EXERCISE MATERIAL below:

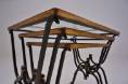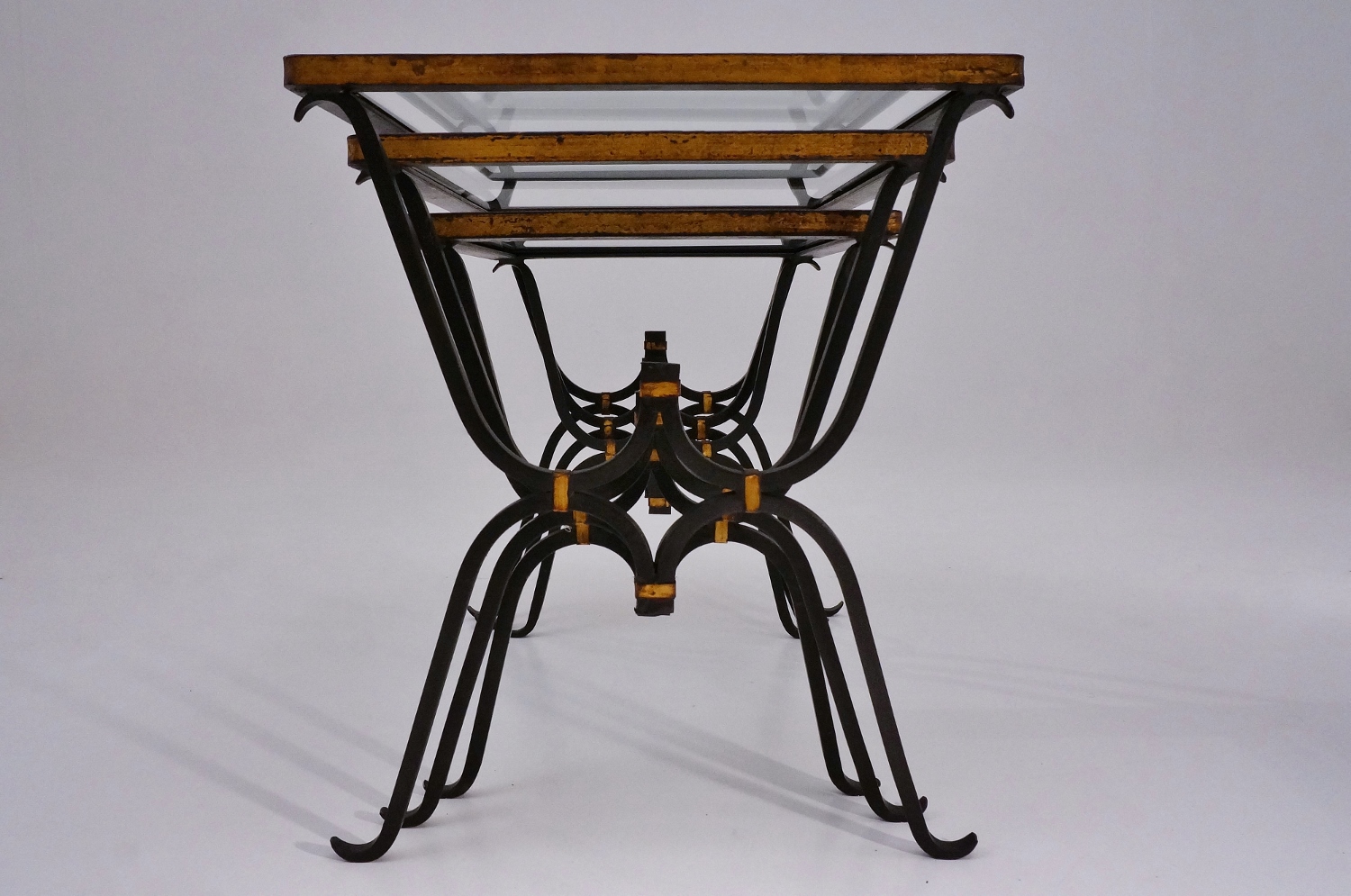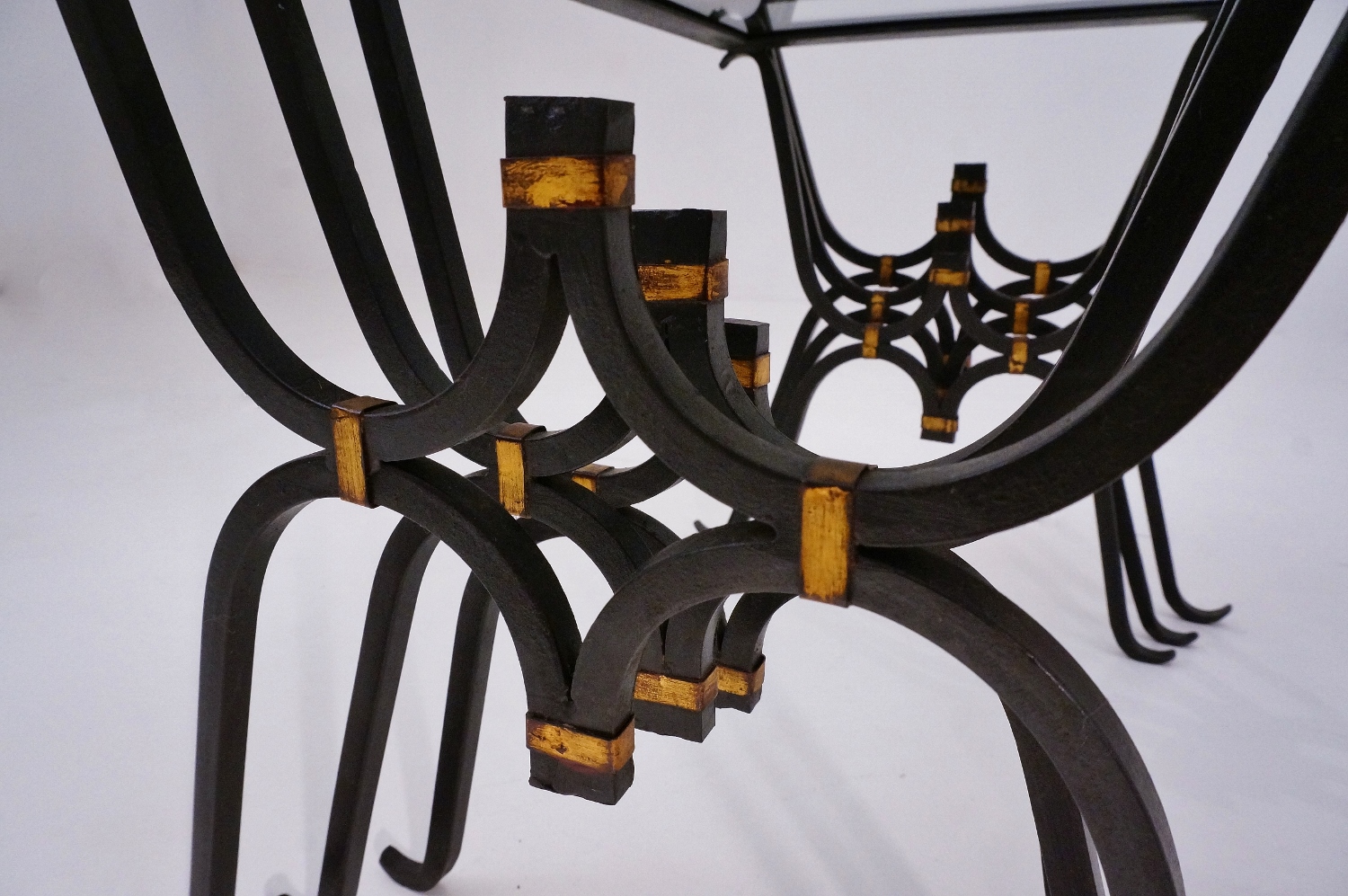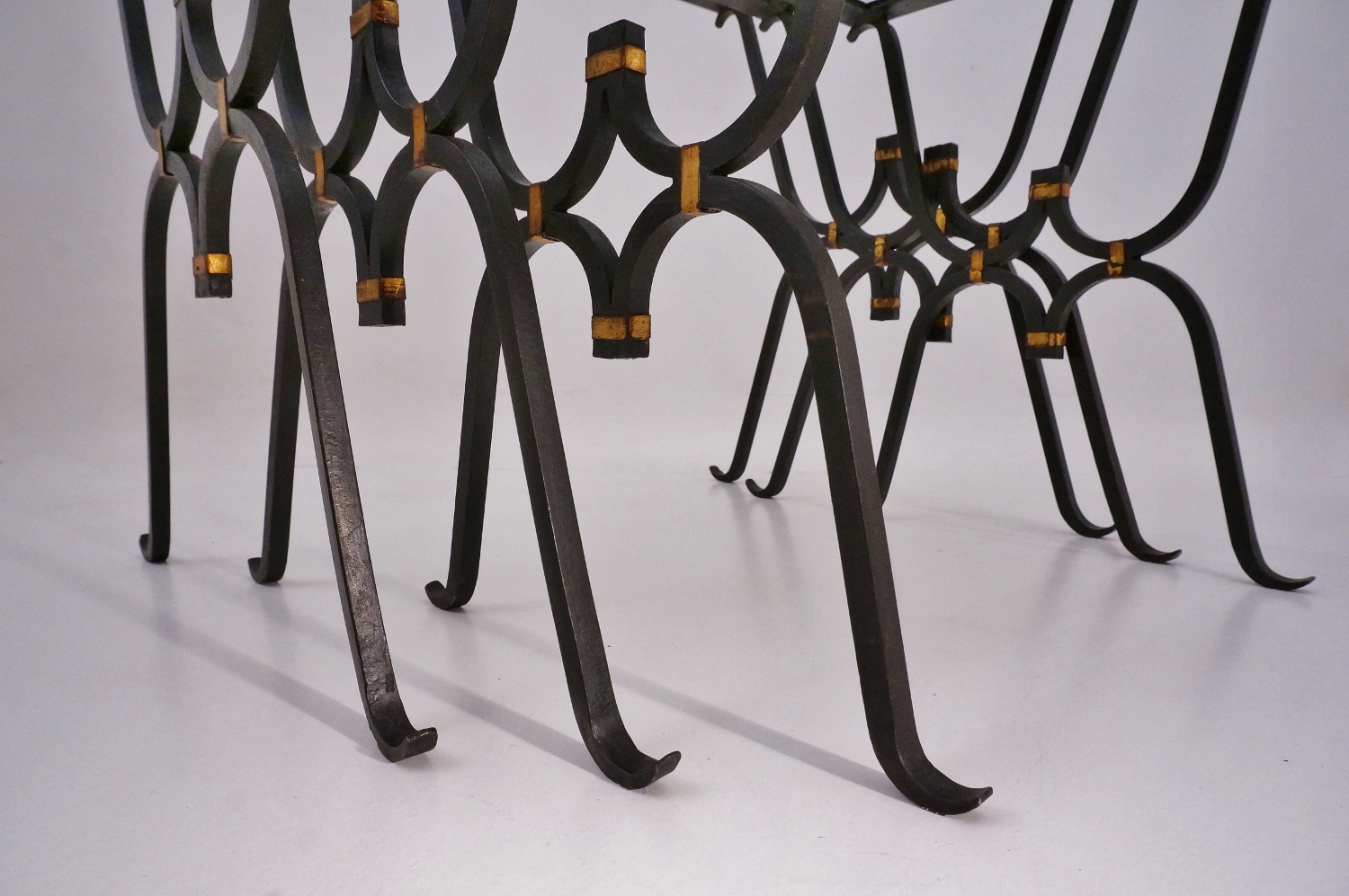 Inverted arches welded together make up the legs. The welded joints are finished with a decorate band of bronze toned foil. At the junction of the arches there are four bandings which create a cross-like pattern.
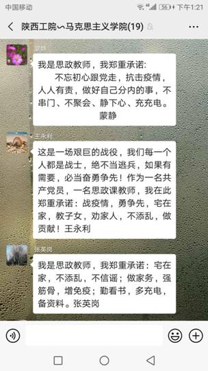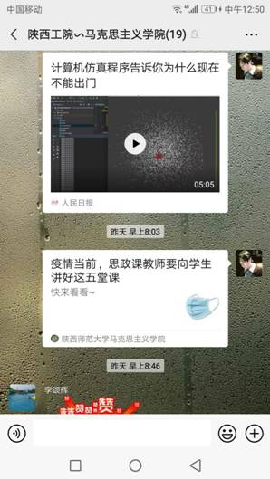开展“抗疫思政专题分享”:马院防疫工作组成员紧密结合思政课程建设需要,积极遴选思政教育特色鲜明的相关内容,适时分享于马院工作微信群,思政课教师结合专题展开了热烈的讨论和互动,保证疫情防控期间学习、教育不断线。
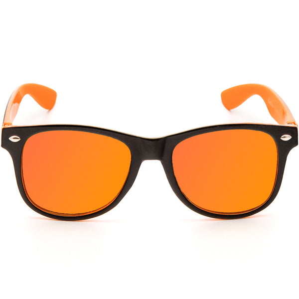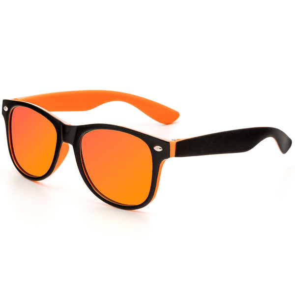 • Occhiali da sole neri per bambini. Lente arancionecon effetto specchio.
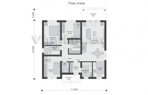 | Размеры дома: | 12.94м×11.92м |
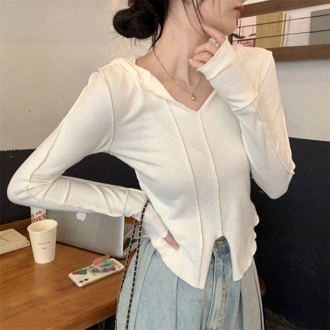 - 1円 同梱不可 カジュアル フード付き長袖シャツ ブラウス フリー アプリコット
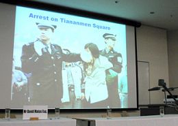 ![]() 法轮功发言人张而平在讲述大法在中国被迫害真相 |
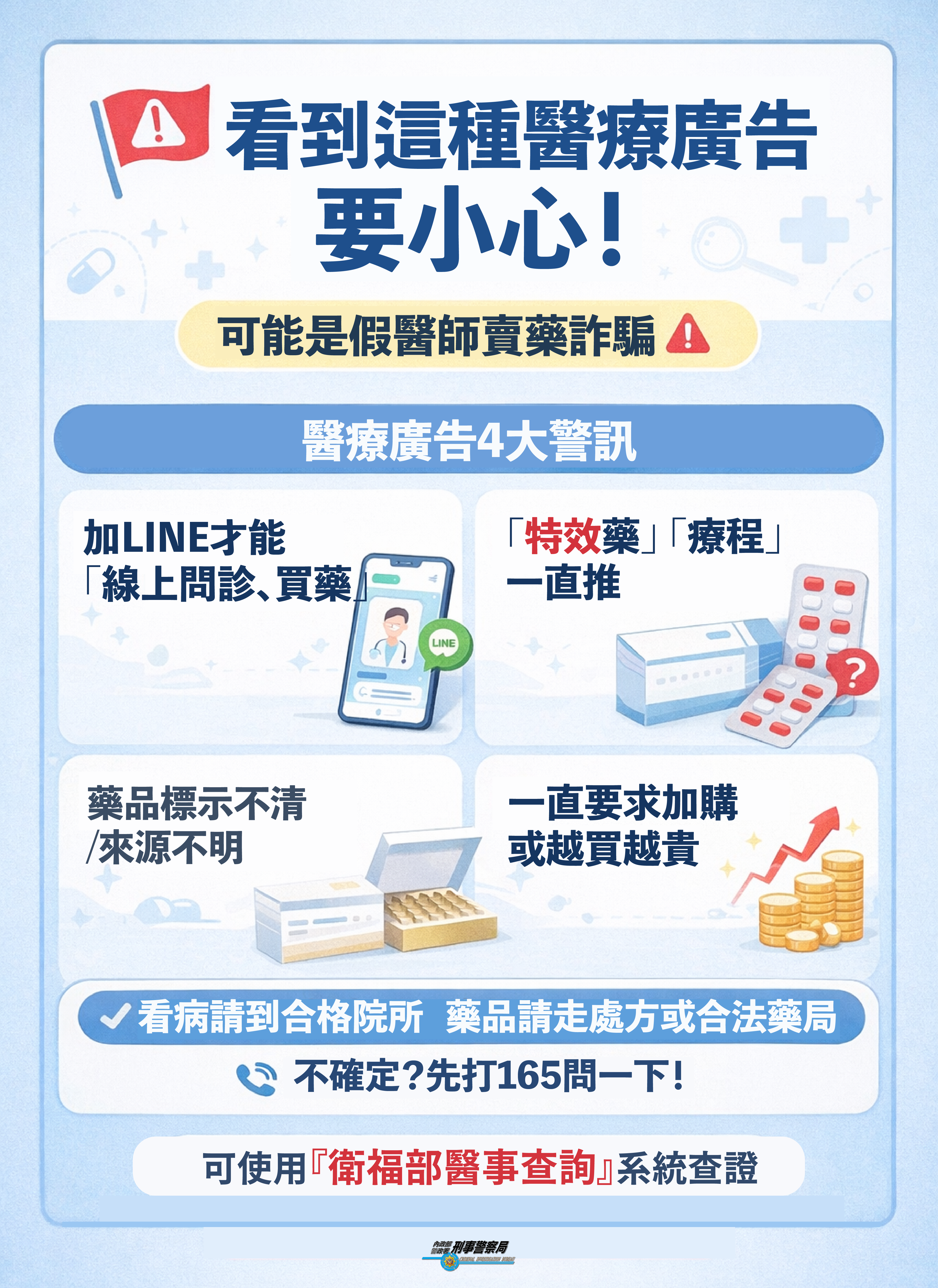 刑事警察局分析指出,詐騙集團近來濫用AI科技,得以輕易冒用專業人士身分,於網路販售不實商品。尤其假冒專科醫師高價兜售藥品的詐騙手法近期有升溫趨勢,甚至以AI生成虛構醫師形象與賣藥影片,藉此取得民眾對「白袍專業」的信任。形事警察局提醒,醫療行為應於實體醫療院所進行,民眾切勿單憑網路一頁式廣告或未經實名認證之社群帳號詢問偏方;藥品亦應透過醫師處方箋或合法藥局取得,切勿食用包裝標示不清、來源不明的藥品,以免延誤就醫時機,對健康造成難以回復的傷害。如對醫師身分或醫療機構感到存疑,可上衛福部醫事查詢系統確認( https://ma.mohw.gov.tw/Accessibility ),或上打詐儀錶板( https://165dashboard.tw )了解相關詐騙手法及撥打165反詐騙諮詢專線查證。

End of EXERCISE MATERIAL.

_ASSIGNED TASK_:
Each line from the first line of the data above through the one containing "arancionecon effetto specchio." must be set down exactly; the pictures must not be.

_PROBLEM SOLUTION_:
 Inverted arches welded together make up the legs. The welded joints are finished with a decorate band of bronze toned foil. At the junction of the arches there are four bandings which create a cross-like pattern.
开展“抗疫思政专题分享”:马院防疫工作组成员紧密结合思政课程建设需要,积极遴选思政教育特色鲜明的相关内容,适时分享于马院工作微信群,思政课教师结合专题展开了热烈的讨论和互动,保证疫情防控期间学习、教育不断线。
 • Occhiali da sole neri per bambini. Lente arancionecon effetto specchio.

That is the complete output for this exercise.